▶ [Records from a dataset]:
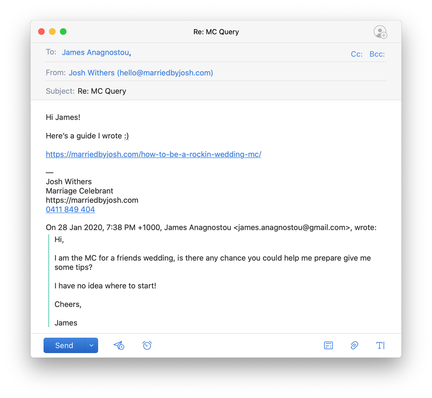 A common question I’m asked is about how to be a good wedding MC, for example:
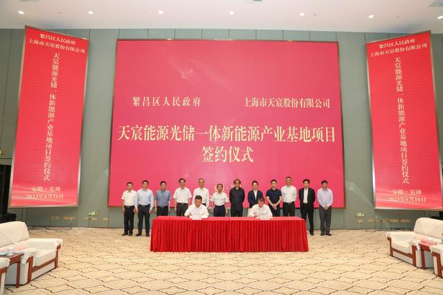 近日,總投資116億元的天宸能源光儲一體新能源產(chǎn)業(yè)基地項目正式簽約。省政府駐滬辦黨組成員、副主任賀東,天宸股份有限公司董事長葉茂菁、副董事長王學(xué)進(jìn),省生態(tài)環(huán)境廳副廳長羅宏,蕪湖市副市長向繼輝,市政府秘書長王志鵬,繁昌區(qū)委書記瞿輝,區(qū)長許有龍等見證項目簽約。
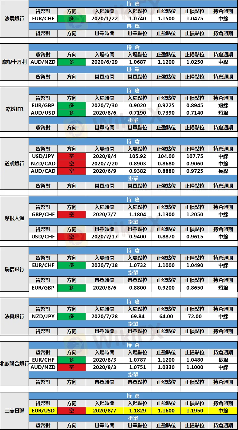 (1)三菱日聯新增歐元/美元空頭持倉,入場點位1.1829,止盈點位1.1600,止損點位1.1950。
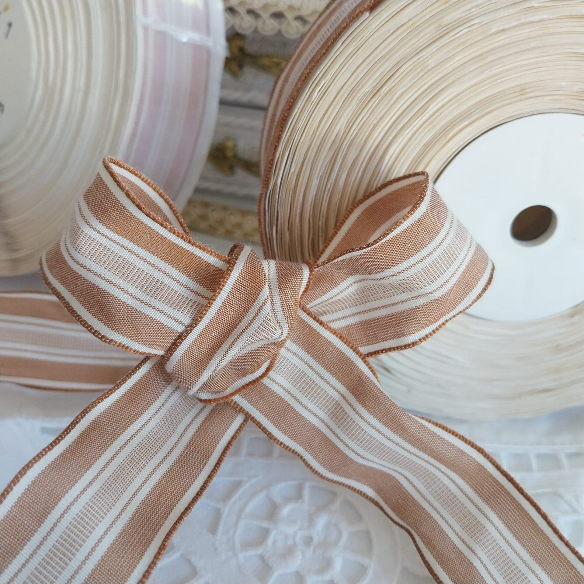 Süße ,kleine Spule aus Holz im Nostalgiestil .Auf der Spule befindet sich hübsche Vintage Borte aus Baumwolle .Breite ca. 1cm ,Länge ca. 5-6 m.
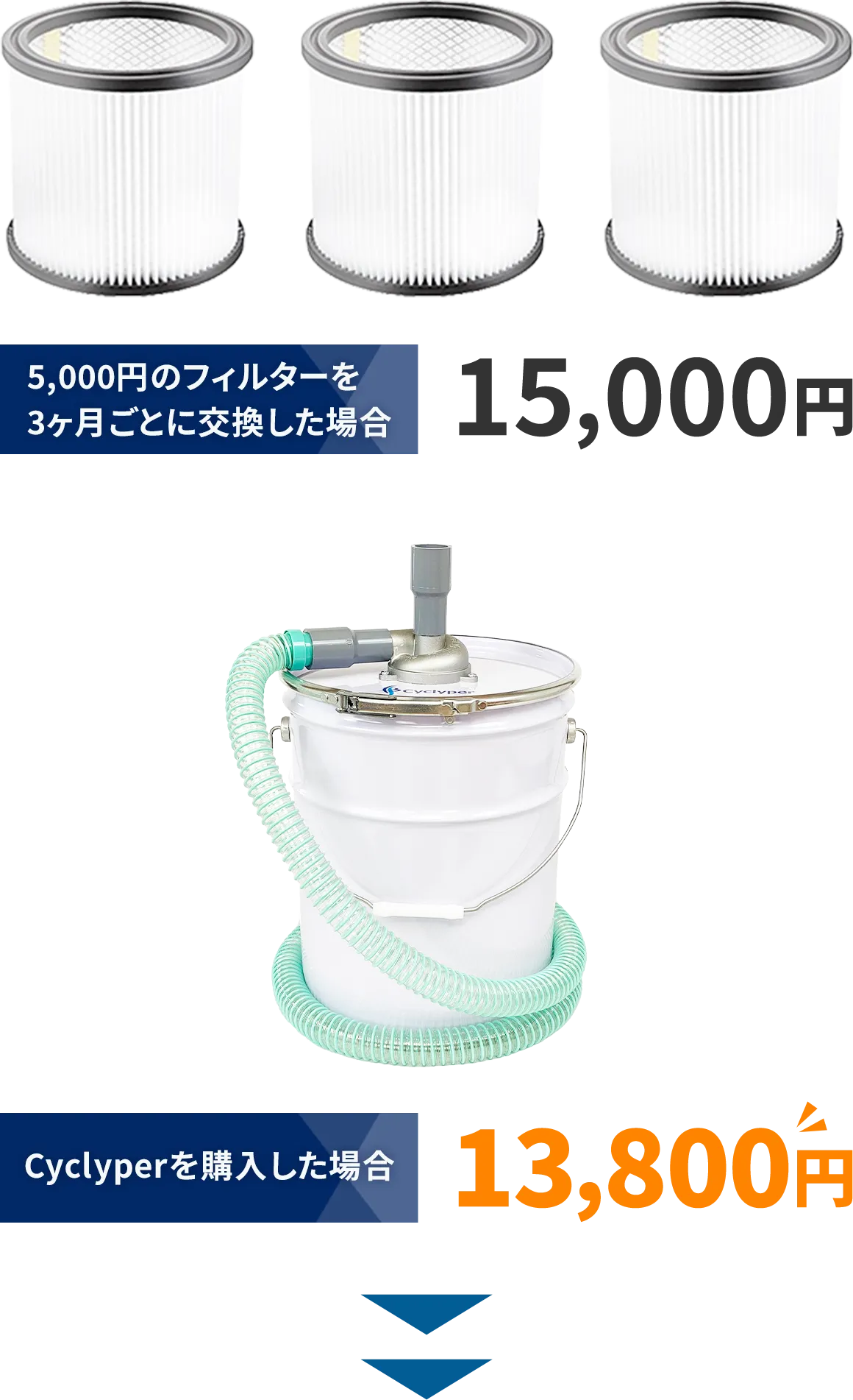 Cyclyperを使用すると、フィルターの交換頻度が激減!

▶ [Prompt]: Above are the records. Copy word for word only their lines from the one holding "近日,總投資116億元的天宸" through the one holding "(1)三菱日聯新增歐元/美元", both included, and skip the images.

▶ [Result]:
 近日,總投資116億元的天宸能源光儲一體新能源產(chǎn)業(yè)基地項目正式簽約。省政府駐滬辦黨組成員、副主任賀東,天宸股份有限公司董事長葉茂菁、副董事長王學(xué)進(jìn),省生態(tài)環(huán)境廳副廳長羅宏,蕪湖市副市長向繼輝,市政府秘書長王志鵬,繁昌區(qū)委書記瞿輝,區(qū)長許有龍等見證項目簽約。
 (1)三菱日聯新增歐元/美元空頭持倉,入場點位1.1829,止盈點位1.1600,止損點位1.1950。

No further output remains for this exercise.